В те дни я фактически не жила, а парила в небесах. Моя голова шла кругом от многочисленных поездок к модистке, портному, перчаточнику и обувщику, которые облачили меня с ног до головы в яркие, сделанные на заказ одежды, подчеркивающие мою высокую, гибкую фигуру. В конце концов, я совсем перестала соображать, что сейчас в моде, потому что мои собственные платья, очень вызывающие, были так обильно украшены, что их обладательница с трудом узнавала свое отражение в зеркале. «Неужели эта странная, незнакомая девушка – та самая, что стоит перед стеклом?» – все больше и больше удивлялась я, изумляясь нахлынувшей волне перемен.
Хотя мне и не удалось превратиться в восхитительную красавицу, цветущая молодость и новый гардероб выудили на поверхность некоторые необычайные и привлекательные, доселе неизвестные черты моего характера.

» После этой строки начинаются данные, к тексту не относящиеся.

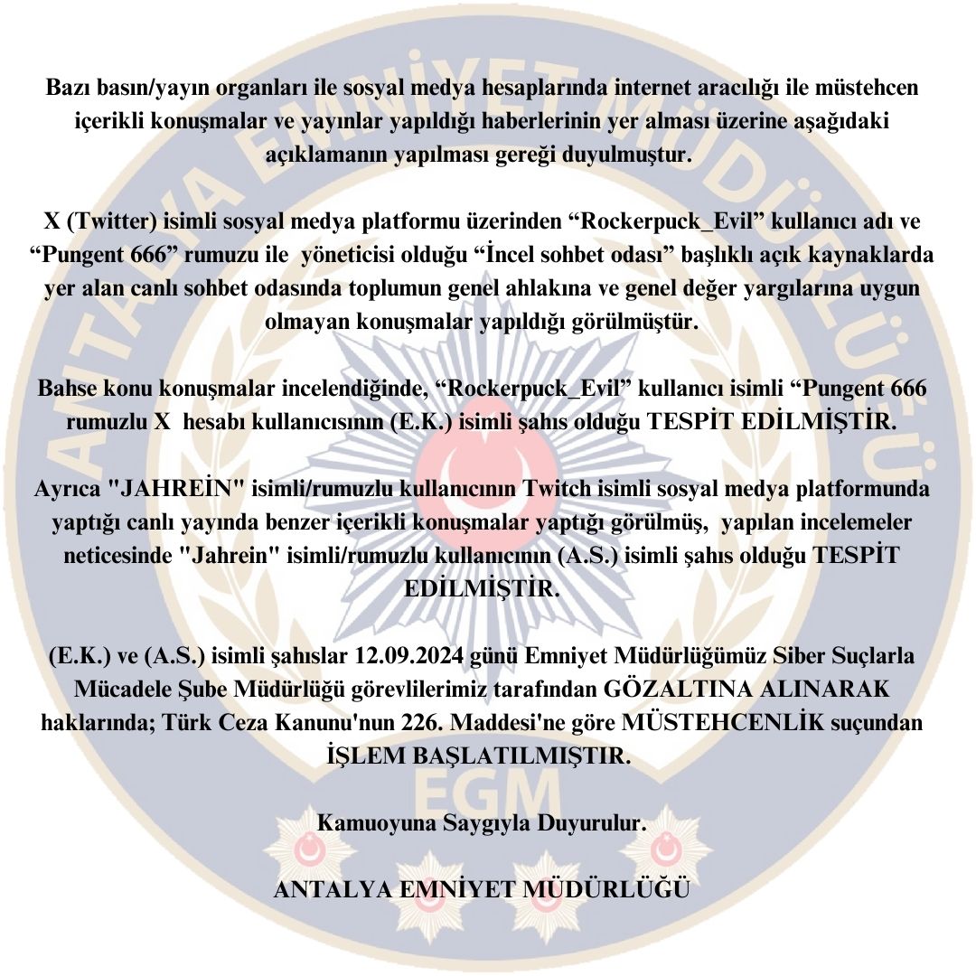 (E.K.) ve (A.S.) isimli şahıslar 12.09.2024 günü Emniyet Müdürlüğümüz Siber Suçlarla Mücadele Şube Müdürlüğü görevlilerimiz tarafından gözaltına alınarak haklarında; Türk Ceza Kanunu'nun 226. Maddesi'ne göre müstehcenlik suçundan işlem başlatılmıştır.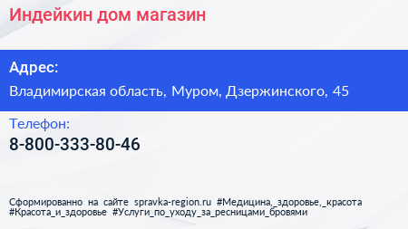 Индейкин дом, магазин по адресу Владимирская область, Муром, Дзержинского, 45 в дальнейшем Организация, размещена в следующих категориях: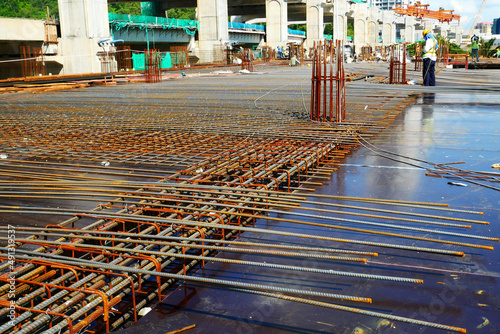 PENANG, MALAYSIA -MARCH 4, 2020: Floor slabs are under construction at a construction site. Workers were busy installing steel reinforcement on the timber formwork before concrete was poured on it.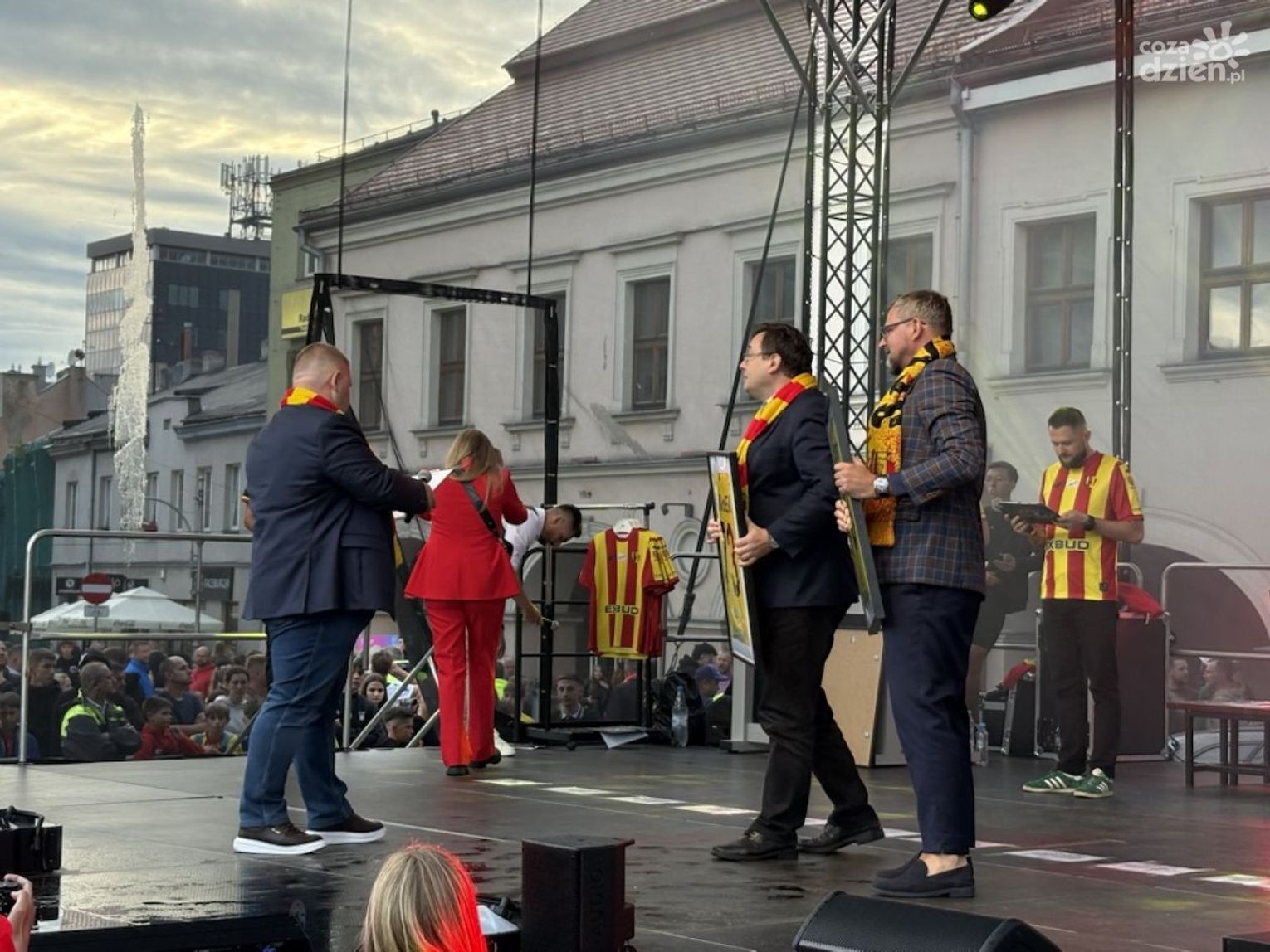 Dla kibiców Korony Kielce to była prawdziwa gratka — wydarzenie, które połączyło sportowe emocje z sentymentalną podróżą przez historię klubu. W samym sercu miasta, na kieleckim Rynku, zgromadziły się tłumy fanów: od najmłodszych, którzy dopiero zaczynają swoją przygodę z „Żółto-Czerwonymi”, po tych, którzy są z drużyną od jej początków, gdy Korona rywalizowała w regionalnych ligach w latach 70. i 80.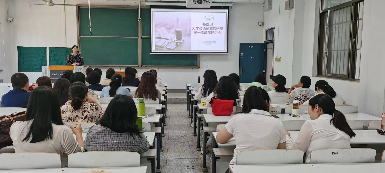 2023年8月31日,在综合楼221教室,基础部大学英语第三教研室召开了本学期第一次教学研讨会。第三教研室主任宋玮副教授主持会议,第三教研室全体教师参加了会议,基础部主任王莉莉教授也参加了会议并作出重要指示。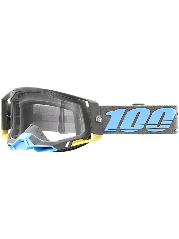 Gogle motocyklowe 100% Racecraft 2 Trinidad z przezroczystą szybką, szaro-niebiesko-żółte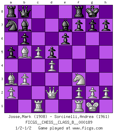 Last move : 1/2-1/2 2013 May 30 1:2:19 [Event "FICGS__CHESS__CLASS_B__000189"] [Site "FICGS"] [Date "2013.05.05"] [Round "1"] [White "Josse,Mark"] [Black "Sorcinelli,Andrea"] [Result "1/2-1/2"] [WhiteElo "1908"] [BlackElo "1961"] 1.d4 d5 2.c4 c6 3.Nf3 Nf6 4.e3 e6 5.b3 c5 6.Bb2 cxd4 7.exd4 Nc6 8.Bd3 Bb4+ 9.Nbd2 Ne4 10.O-O Nxd2 11.Nxd2 O-O 12.Nf3 Be7 13.Qd2 b6 14.Rac1 Bb7 15.c5 a5 16.Bb5 Na7 17.Be2 Nc6 18.Bb5 Na7 19.Be2 Nc6 20.Ba3 Qb8 21.Bb5 Na7 1/2-1/2 QGD Slav : 4.e3 Kingside Castling by player White (move 10) Kingside Castling by player Black (move 11) This chess game ended in a draw. Follow this game move after move (download)You cannot play at Chess if you are kind-hearted. (French Proverb) Ich war schon mal beim Dopingtest. Da musste ich Urin abgeben, während Dritte zusahen. (Elisabeth Pähtz) Fischer deseaba darle a los Rusos una sopa de su propia medicina. (Larry Evans) Le moment que je préfère le plus dans une rencontre, c'est celui où je sens que la personnalité de l'adversaire se brise. (Robert Fischer) The only difference between a tax man and a taxidermist is that the taxidermist leaves the skin. (Mark Twain)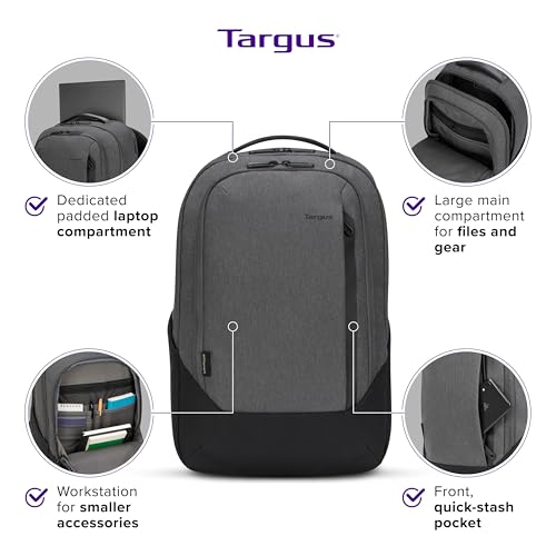 Targus TBB58602GL Mochila Hero Cypress 15.6" con Ecosmart - Gris Hecho de 26 Botellas de Agua de plástico recicladas Bandolera ergonómica Acolchada

Итак, теперь я чувствовала, что могу привлекать внимание мужчин и, если захочу, удерживать их возле себя. Бабушка Шеффилд, тем не менее, относилась к своей внучке настороженно и чаще обычного пыталась сдержать мое дикое, непокорное я. Но мне хотелось свободы. Я, конечно же, пренебрегала ее советами.
Стремление к чему-то романтическому и волнующему совершенно лишило меня здравого смысла. Я вообразила себя охотничьим соколом, совсем ручным, но стремящимся освободиться от пут. Золотистые прожилки в моих темно-коричневых волосах сияли, как перья на взметнувшихся ввысь соколиных крыльях в лучах корнуоллского солнца. Глаза цвета топаза сверкали яркими огоньками. Кожа имела нежный медовый цвет. Движения были легки и грациозны. Мои длинные юбки шуршали и волочились за мной, как путы на лапах ручного сокола.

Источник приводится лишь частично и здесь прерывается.